La surface, hydrophobe à 37°C, devient hydrophile à 20°C, ce qui permet l’enlèvement des cellules intégralement préservées sous leur forme de feuille.

En appliquant la technologie des nanoprocédés à la fabrication des pellicules destinées aux affichages à cristaux liquides, Dai Nippon Printing a pu donner à ces substrats sensibles à la température une forme en rouleau et réussir à les produire à grande échelle. La production de feuilles cellulaires a encore des défis à relever en ce qui concerne les coûts et les techniques employées, mais la technologie de Dai Nippon Printing laisse espérer une accélération des applications pratiques.
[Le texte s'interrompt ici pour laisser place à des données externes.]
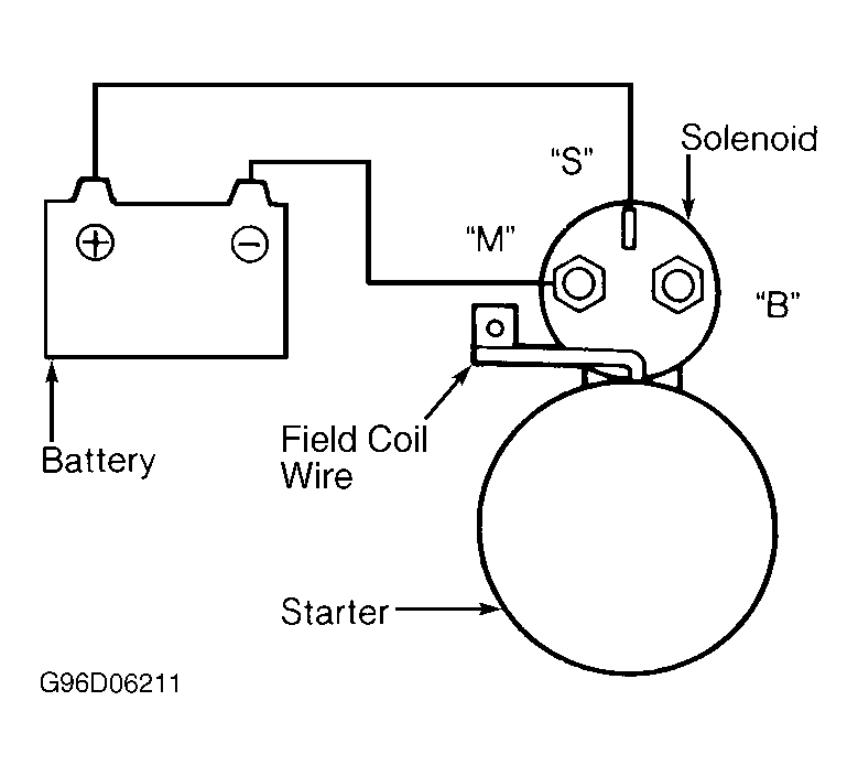1. Disconnect field coil wire from terminal "M" of solenoid.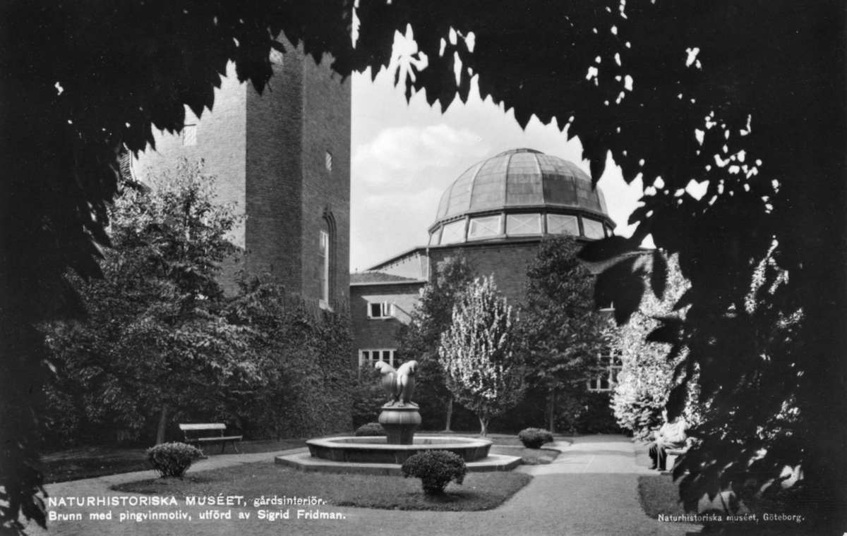 'Ingår i en serie med Fotonr. 5419 med Göteborgs Naturhistoriska museums olika vykort genom åren. :: :: Vy över Göteborgs Naturhistoriska museums innergårdsinteriör. I mitten syns springbrunnen, fontänen, med pingvinmotiv av Sigrid Fridman. Vy mot dioramatornet. :: :: Se fotonr. 4070 för ursprungligt foto.'

« Au fur et à mesure des avancées de la recherche, nous avons relevé un bon nombre de points où l’impression et la médecine régénératrice se recoupent », dit M. Tsuchiya. « Lorsque nous nous sommes lancés dans ce travail de mise au point, notre compréhensions des enjeux était limitée et nous nous sommes fiés à la sagesse des milieux médicaux. Bien souvent, nous étions perplexes quant à la marche à suivre. En médecine, le premier impératif est la sécurité, loin devant des préoccupations comme le coût. C’est là que réside la grande différence avec l’imprimerie. Mais à mesure de notre travail, nous avons exploré les façons de tirer le meilleur parti de la haute reproductibilité de la technologie de l’impression. Aujourd’hui encore, il nous arrive fréquemment de procéder par tâtonnements, mais nous sommes parvenus à un stade où les médecins et les chercheurs peuvent compter sur nous pour certaines choses que nous sommes en mesure de faire en tant qu’imprimeurs. »
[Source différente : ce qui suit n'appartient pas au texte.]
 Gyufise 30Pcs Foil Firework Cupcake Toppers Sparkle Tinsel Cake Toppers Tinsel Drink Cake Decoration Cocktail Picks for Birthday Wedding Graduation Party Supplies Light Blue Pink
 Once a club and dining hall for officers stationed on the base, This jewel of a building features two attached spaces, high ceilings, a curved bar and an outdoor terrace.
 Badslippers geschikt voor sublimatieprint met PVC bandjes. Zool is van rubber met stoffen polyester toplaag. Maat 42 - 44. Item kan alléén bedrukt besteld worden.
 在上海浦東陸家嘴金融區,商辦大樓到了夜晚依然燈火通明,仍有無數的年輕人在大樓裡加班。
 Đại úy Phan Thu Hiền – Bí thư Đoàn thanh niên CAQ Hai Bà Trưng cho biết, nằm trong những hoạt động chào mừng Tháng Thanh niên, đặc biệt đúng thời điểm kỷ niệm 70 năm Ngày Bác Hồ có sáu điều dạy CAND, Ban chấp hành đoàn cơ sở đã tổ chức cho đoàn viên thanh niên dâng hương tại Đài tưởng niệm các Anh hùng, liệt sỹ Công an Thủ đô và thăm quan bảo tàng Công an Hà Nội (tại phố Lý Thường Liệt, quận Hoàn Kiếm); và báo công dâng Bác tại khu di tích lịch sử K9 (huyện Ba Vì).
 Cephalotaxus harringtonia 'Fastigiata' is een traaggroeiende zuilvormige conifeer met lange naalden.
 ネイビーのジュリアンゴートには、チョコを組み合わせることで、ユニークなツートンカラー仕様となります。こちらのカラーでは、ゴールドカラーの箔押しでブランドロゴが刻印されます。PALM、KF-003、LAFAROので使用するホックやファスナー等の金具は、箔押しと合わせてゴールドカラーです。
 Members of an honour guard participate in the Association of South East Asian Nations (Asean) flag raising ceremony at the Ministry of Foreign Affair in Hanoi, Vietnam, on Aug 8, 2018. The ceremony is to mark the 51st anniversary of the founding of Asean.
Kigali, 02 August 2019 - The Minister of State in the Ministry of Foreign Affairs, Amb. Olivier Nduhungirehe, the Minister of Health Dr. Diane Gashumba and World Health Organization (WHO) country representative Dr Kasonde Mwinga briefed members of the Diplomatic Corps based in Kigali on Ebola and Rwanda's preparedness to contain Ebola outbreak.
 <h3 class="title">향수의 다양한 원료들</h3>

Le Laboratoire des sciences de la vie de Dai Nippon Printing n’est pas un grand organisme de recherche. Mais la collaboration avec les universités et les centres de recherche nous fournit un éventail d’expériences professionnelles riche en perspectives sur tous les possibles. Dai Nippon et ses partenaires en recherche travaillent de concert à l’ouverture de nouveaux chemins dans le domaine de la médecine régénératrice.